**PROMPT:** In your copy of the records, include every word exactly and no pictures.

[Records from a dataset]
============

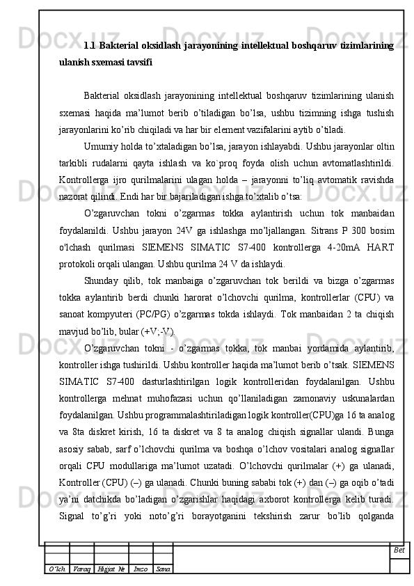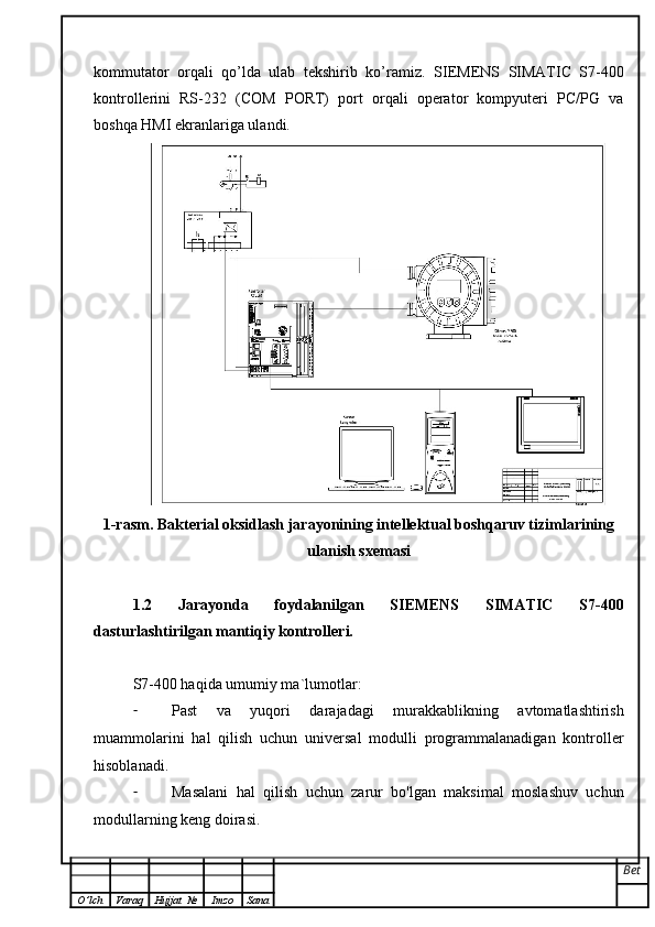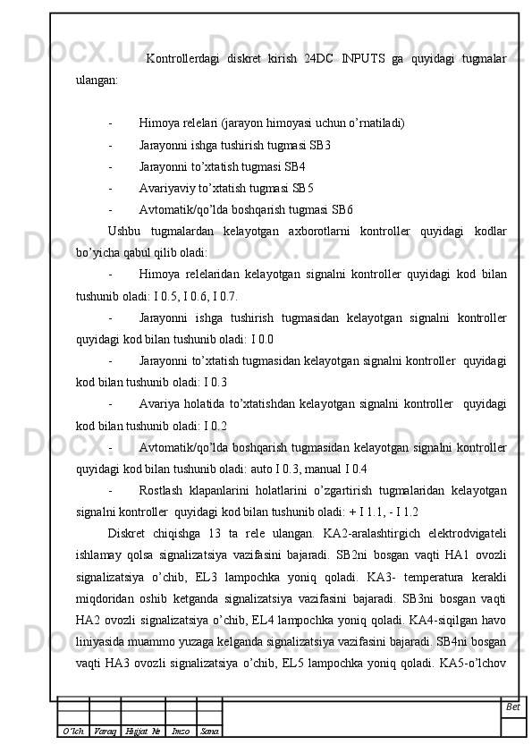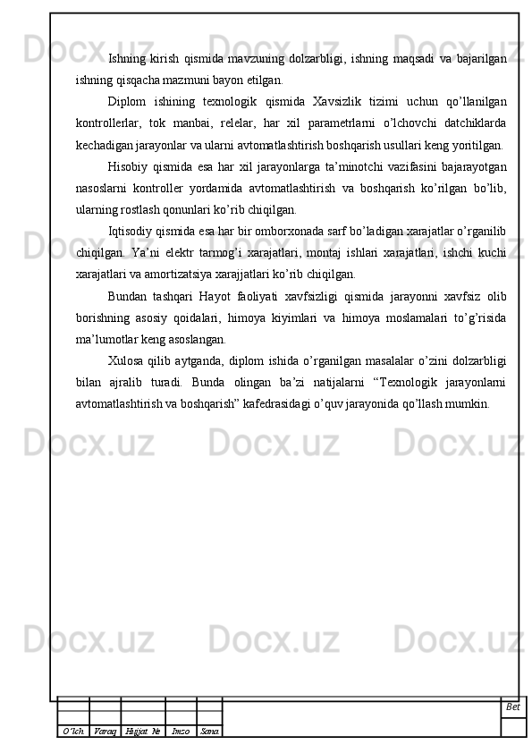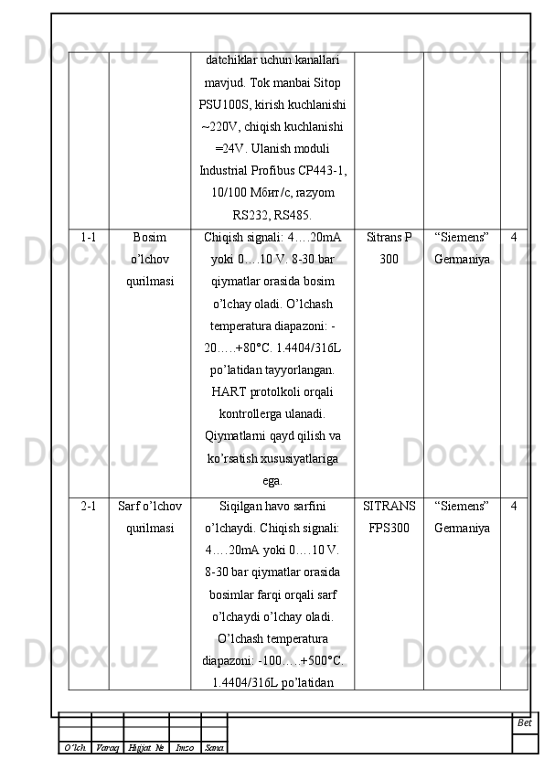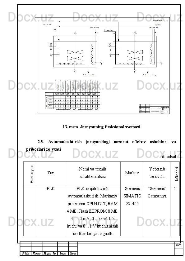 2.5 Avtomatlashtirish jarayonidagi nazorat o’lchov asboblari va qurilmalari ro’yhati………………………………………………………………………...
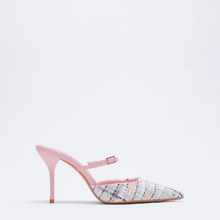 Женские туфли с острым носком ZA, твидовые туфли на высоком тонком каблуке, туфли Muller, лето-осень 2021
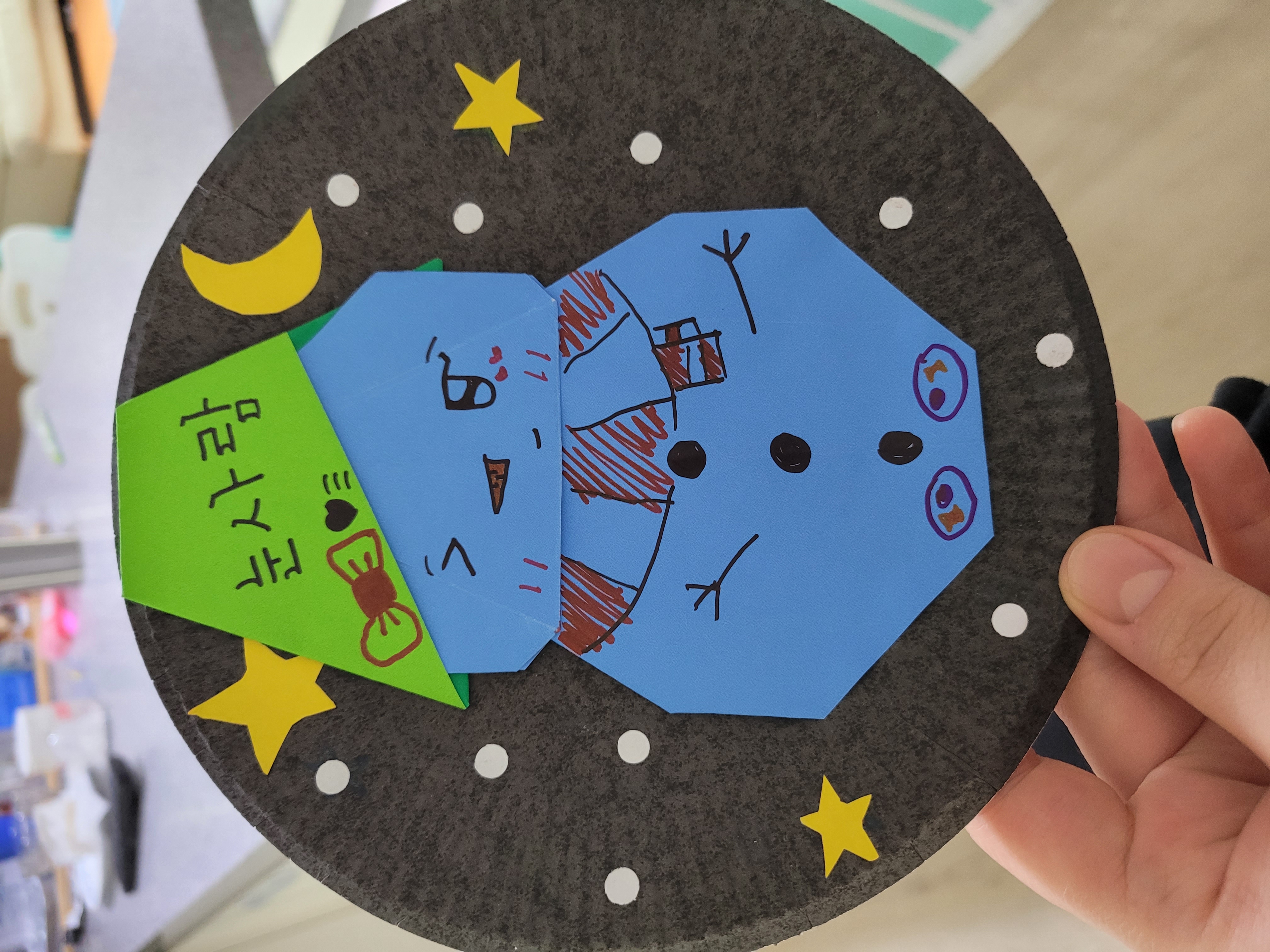 큰아이가 온라인 수업시간에 종이접기를 했다며 보여줍니다^^
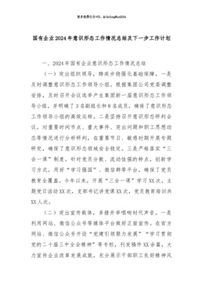 【七哥公文】2024年:国有企业2024年意识形态工作情况总结及下一步工作计划+更多免费公文+VX:QiGeGongWen2024
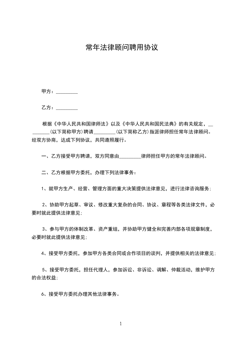 1、甲方每年向乙方支付基本法律顾问酬金人民币**万元(¥)
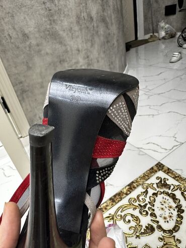 Məhsul: Qadın platforma sandal - Rəng: Qara üst hissə, qızılı platforma və qızılı hündur daban - Üst material: Parıltılı toxumalı zolaqlar (çarpaz dizayn), laklı qara platforma üzlüyü - Daban: Təx...
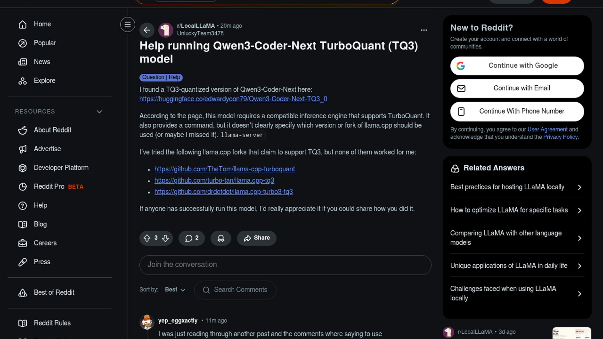 - –TurboQuant (TQ3) appears to be an emerging quantization format but lacks unified support in mainline llama.cpp

============

**ANSWER SPACE:**
 2.5 Avtomatlashtirish jarayonidagi nazorat o’lchov asboblari va qurilmalari ro’yhati………………………………………………………………………...
 Женские туфли с острым носком ZA, твидовые туфли на высоком тонком каблуке, туфли Muller, лето-осень 2021
 큰아이가 온라인 수업시간에 종이접기를 했다며 보여줍니다^^
 【七哥公文】2024年:国有企业2024年意识形态工作情况总结及下一步工作计划+更多免费公文+VX:QiGeGongWen2024
 1、甲方每年向乙方支付基本法律顾问酬金人民币**万元(¥)
 Məhsul: Qadın platforma sandal - Rəng: Qara üst hissə, qızılı platforma və qızılı hündur daban - Üst material: Parıltılı toxumalı zolaqlar (çarpaz dizayn), laklı qara platforma üzlüyü - Daban: Təx...
 - –TurboQuant (TQ3) appears to be an emerging quantization format but lacks unified support in mainline llama.cpp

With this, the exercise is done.